Sans un mot, sans un mouvement parasite, le diplomate posa sa main sur l’avant-bras de la sorcière puis le fit doucement remonter le long de son vêtement. Il fit glisser ses doigts jusqu’à les caler sous le menton de l’Irlandaise, avec douceur et fermeté. « Et bien.. C'est presque amusant de se voir analyser par quelqu'un qui perds pied. » souffla-t-il, mêlant son haleine chaude à l’arôme d’un whisky vieillis en fus de bois à celle de son amie. « Parce que c’est bien de cela dont tes caprices s’agissent. Un appel à l’aide. Tu t’agites comme un poisson hors de l’eau, tu peines à respirer. Tu fuis. » Il parlait d’un souffle, la voix grave. Il était si près de son visage qu’il n’avait pas besoin de hausser le ton. « Il se passait quelque chose entre nous ce soir-là. Tu l’as senti. Et pourtant tu es partie. Parce que tu avais peur. » Il était étrangement calme, le regard félin clairsemé de pépites dorées fixé dans celui glacé de la jeune femme. « Tu dis que je suinte de colère, mais de ton côté c’est la peur qui te guide. La peur qui te tord les trippes face au monde injuste dans lequel nous vivons, dans lequel nos proches sont tués. Tu me reproche d’être aveuglé par la rage, mais elle me fait avancer. Elle me tient debout, me retiens de chanceler. Que fait-elle, ta peur, hormis créer des caprices, te faire rechercher un demi-danger pour te donner l’impression que tu respires ? » s’enquit-il, sans réellement attendre une réponse de sa part. Tout en parlant, sa main s’était fait caresse sur la pommette droite de la jeune femme. La mort de Marie avait changé beaucoup de chose chez Aveleen et celle de Pearl en avait fait de même chez Oscar. Malgré les épreuves, malgré les doutes, les tourments, les pas du diplomate l’avaient toujours mené vers l’Irlandaise, comme une ancre nécessaire à la stabilité d’un bateau à quai. Il était revenu, régulièrement, jamais très longtemps mais toujours certains de son cap. Et elle n’avait fait que fuir. Les cafés, fuis. La soirée au styx, la tentative avait été avortée.

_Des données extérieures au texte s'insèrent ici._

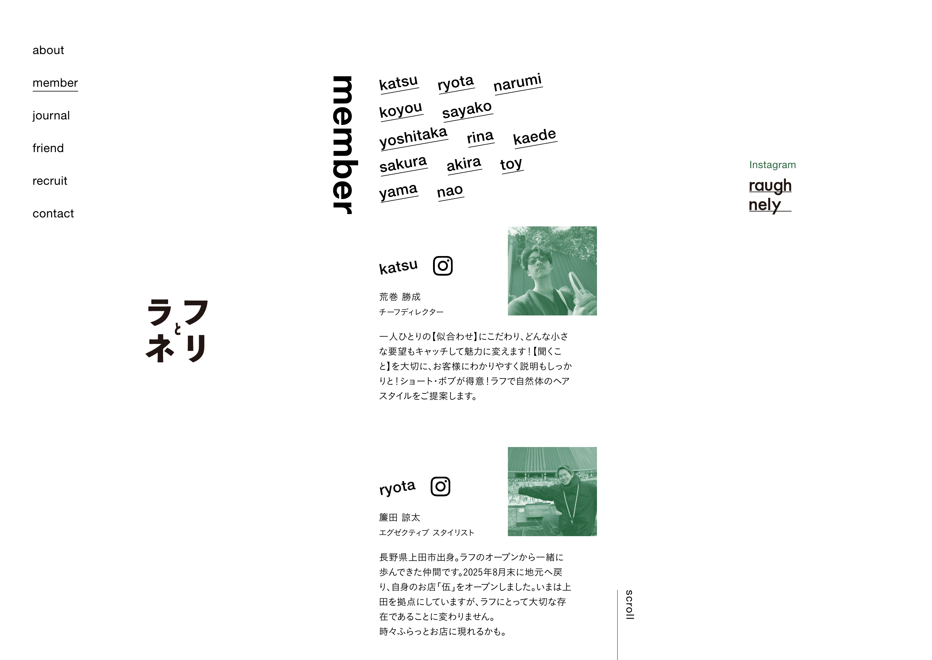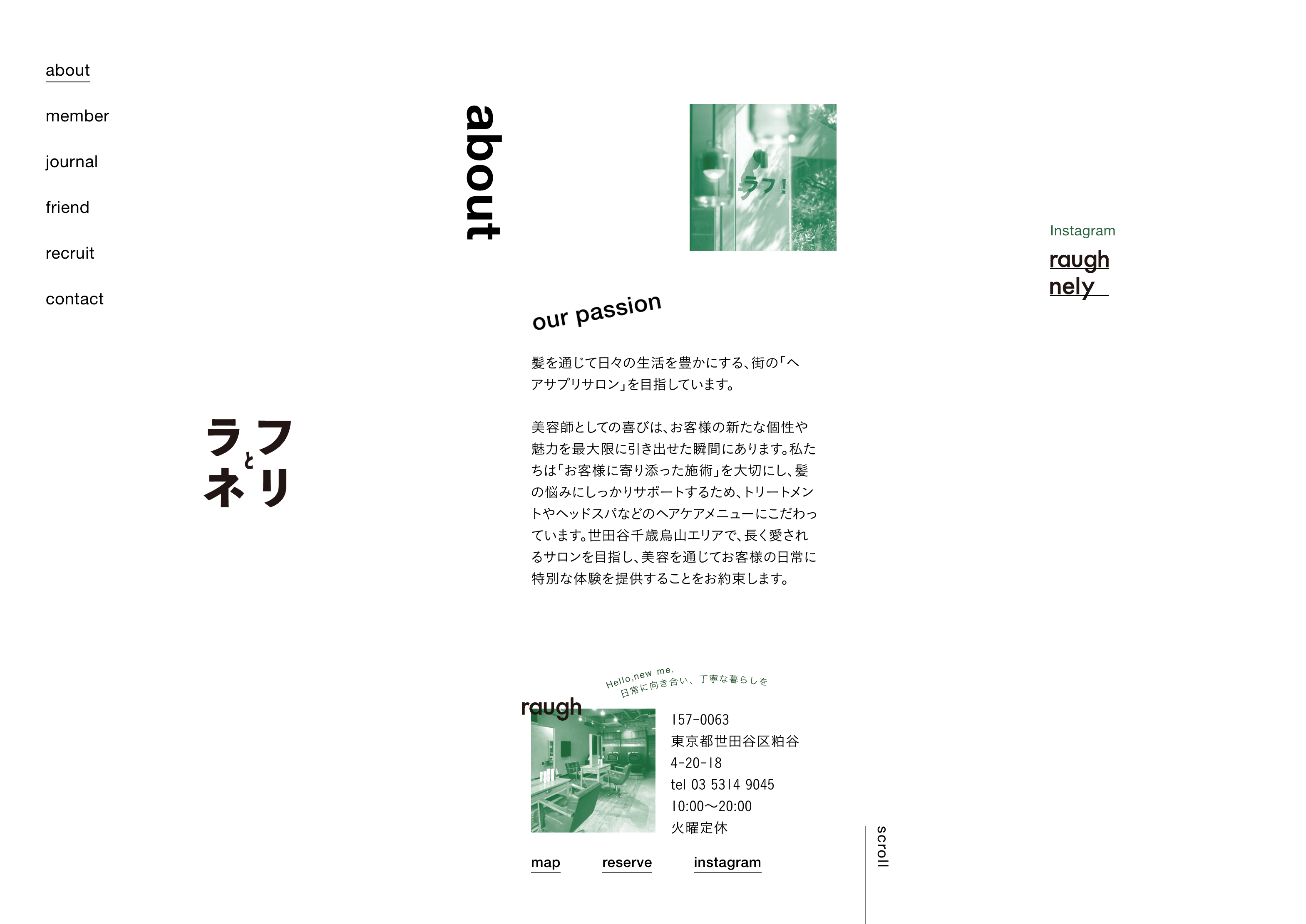 千歳烏山に店舗を構えるサロン「ラフ」と「ネリ」のWebサイトを制作しました。 モノトーンに揃え、ミニマルな構成とすることで、サロンの持つ美意識を表現しました。 またメインビジュアルに使用した写真の撮影も行っています。 -2024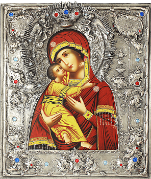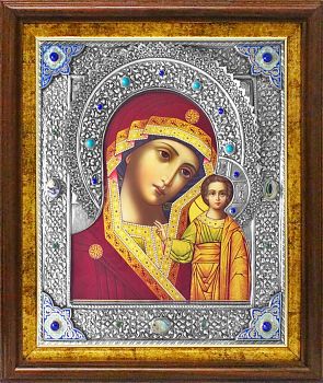 Иконы Пресвятой Богородицы Девы Марии в посеребренном окладе под старину выполнен в традициях иконописи мастеров XIX века методом УФ печати. Краски отличаются высокой износостойкостью, влагостойкостью, атмосферостойкостью, а следовательно — долговечностью.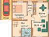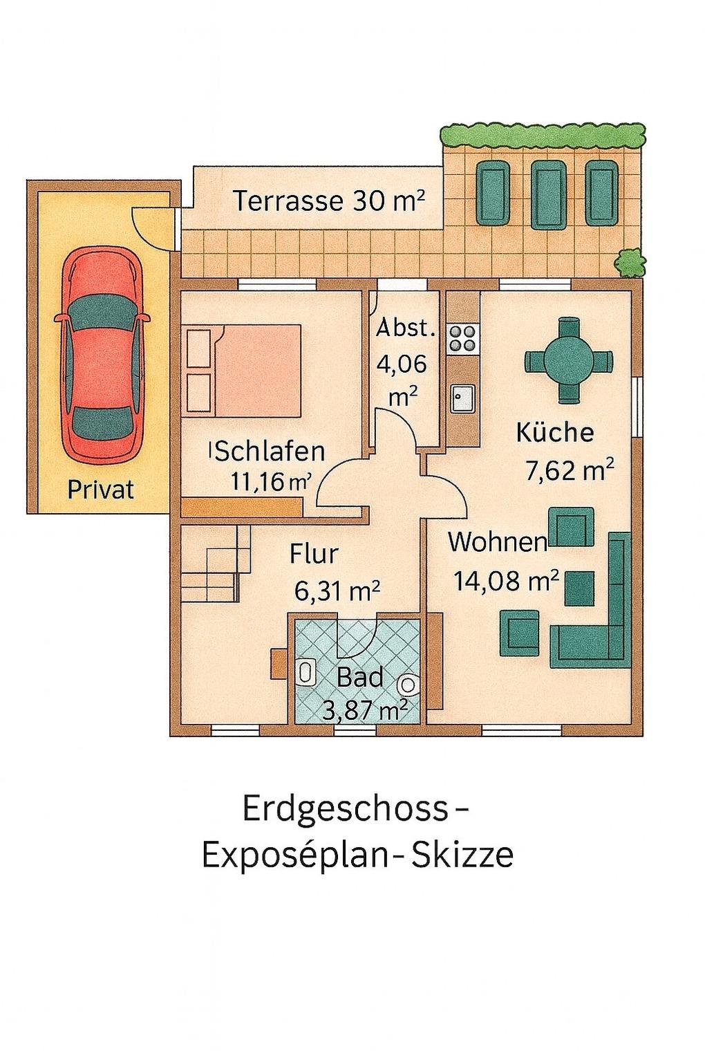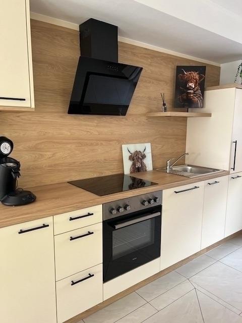 Im Erdgeschoss erwartet Sie eine einladende Wohnküche, die zum gemeinsamen Kochen und Genießen einlädt, ein komfortables Schlafzimmer mit Doppelbett sowie ein stilvolles Badezimmer mit Dusche und WC. Ein praktischer Abstellraum und ein großzügiger Flur mit Zugang zum Obergeschoss runden das Raumkonzept perfekt ab.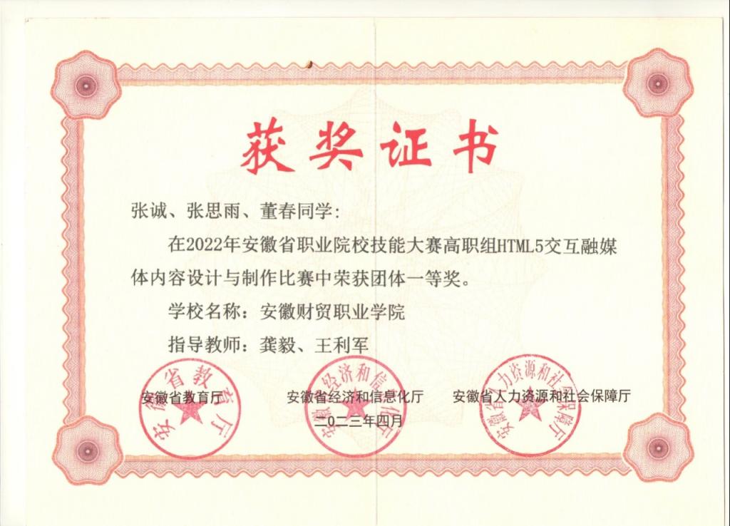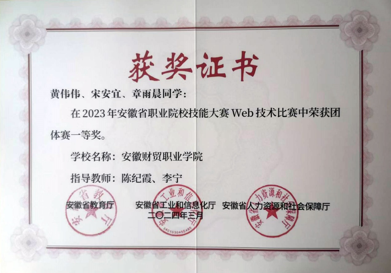 图13 2023年安徽省职业技能大赛荣获安徽省赛一等奖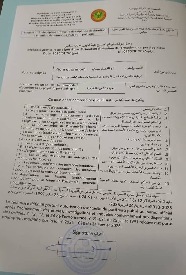 استدعت وزارة الداخلية الموريتانية بعد ظهر اليوم رؤساء تسعة أحزاب سياسية استوفت جميع إجراءات وشروط الترخيص المنصوص عليها في قانون الأحزاب السياسية الجديد في موريتانيا.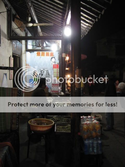 走进窄小长长的弄,感觉冷,可能是西塘靠水吧!一路看地图一路问人,过了桥走到塔湾街。沿途看见很多店开始关了,就开始紧张了。找了几间住宿不是满了,就是贵RMB360一间房。好不容易找到烟雨人家,房价RMB100。 |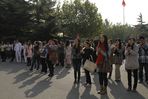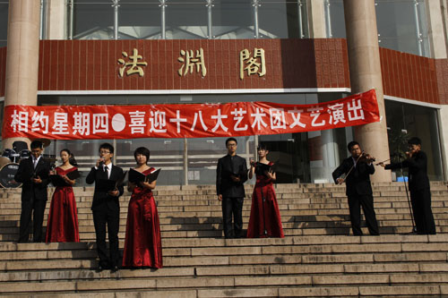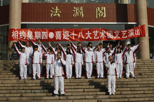 11月8日11:40,我校艺术团在法渊阁前举行了“相约星期四•喜迎十八大”文艺演出。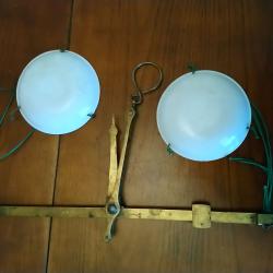 Стара аптекарска везна. Материал месинг. Размах на раменете 310 мм..Височина в работно положение 390 мм..Обхват на измерванията от 0.1 грама до 10 грама.

La soirée d’Halloween, le Moreno s’était amusé. La fuite, la colère, deux manières de panser des plaies qui ne se refermeraient pas avant des années, qui restaient à vifs, libérant de temps à autres des perles vermillon. « Comment pourrais-je espérer te garder près de moi si tu es si prône à fuir ? » demanda-t-il finalement, le regard légèrement adouci, gagné par une mélancholie saisissante.